QUESTION: (Inaudible) from the German press agency. First, a question to you both, please. Did you have the opportunity to talk about the situation in China? And what is your common message, maybe, to Beijing, especially when it comes to the situation in Tibet?

And maybe, if I may, a second short question to you, Madame Secretary. Your colleague is -- tomorrow will have a very, very important task and he will do the opening pitch in a very important baseball game. So could you give him any advice? (Laughter.)


SECRETARY RICE: I would tell him not to do that. But other than that -- (laughter). This is risky, Frank. (Laughter.)

On Tibet, do you want to go first?

FOREIGN MINISTER STEINMEIER: (Via interpreter.) Of course, we also briefly touched on the situation in China and Tibet. I continue to stand by the view that we have to continue to point out to China that following the unrest of the last few weeks -- the casualties, the dead people that resulted -- that they now make sure that they pursue a policy that aims at calming down the situation that is a nonviolent approach. I don’t see an alternative (inaudible) to doing that. In my eyes, China has to enter into a dialogue with the representatives of the Tibetan culture and the Tibetan government, and that it is transparent about what it does, transparent towards Western journalists but also towards Western governments in order to make it very clear to them what the situation in Tibet is like right now.

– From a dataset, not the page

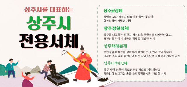 상주시 전용서체는 상주곶감체, 상주경천섬체, 상주해례본체, 상주다정다감체 등 네 가지다.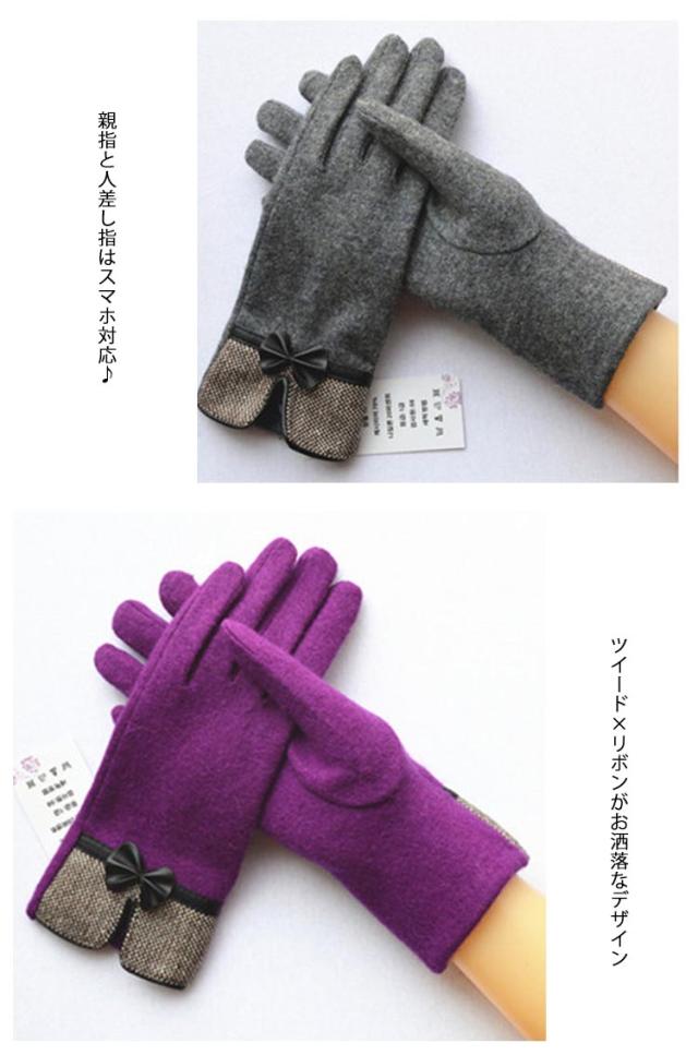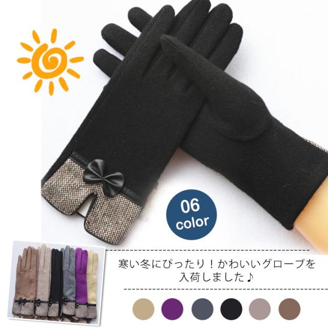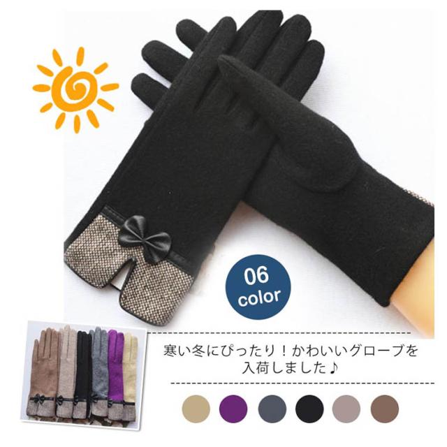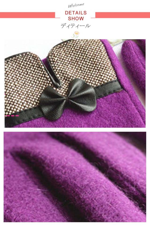 手袋 レディース スマホ手袋 暖かい 薄手 かわいい 革 黒 スマートフォン対応 タッチパネル対応 紫 パープル 冬 リボン PU レザー グローブ 雑貨 オシャレ 防寒 自転車 ブラウン ベージュ パーティー プレゼント 合皮 アクリル ツイード 通勤 通学?

SECRETARY RICE: Completely, that the Chinese should take this opportunity to reach out to those Tibetans who are willing to say strongly that violence is not an option and those Tibetans who are willing to say that they do not seek independence and the Dalai Lama and the representatives of the Dalai Lama are in that category. Now, we have been very concerned about the closed nature of all of this, the lack of transparency. It’s important that journalists be able to get in, it’s important that diplomatic personnel be able to get into Tibet, so that there can be independent reporting on what is going on there. But I believe that China would really do itself a great service and -- not to mention the people of Tibet, if it were willing to have a more open attitude toward responsible Tibetan cultural and religious authorities.

Finally, I just want to say good luck, Frank. I will be looking for the YouTube version of that.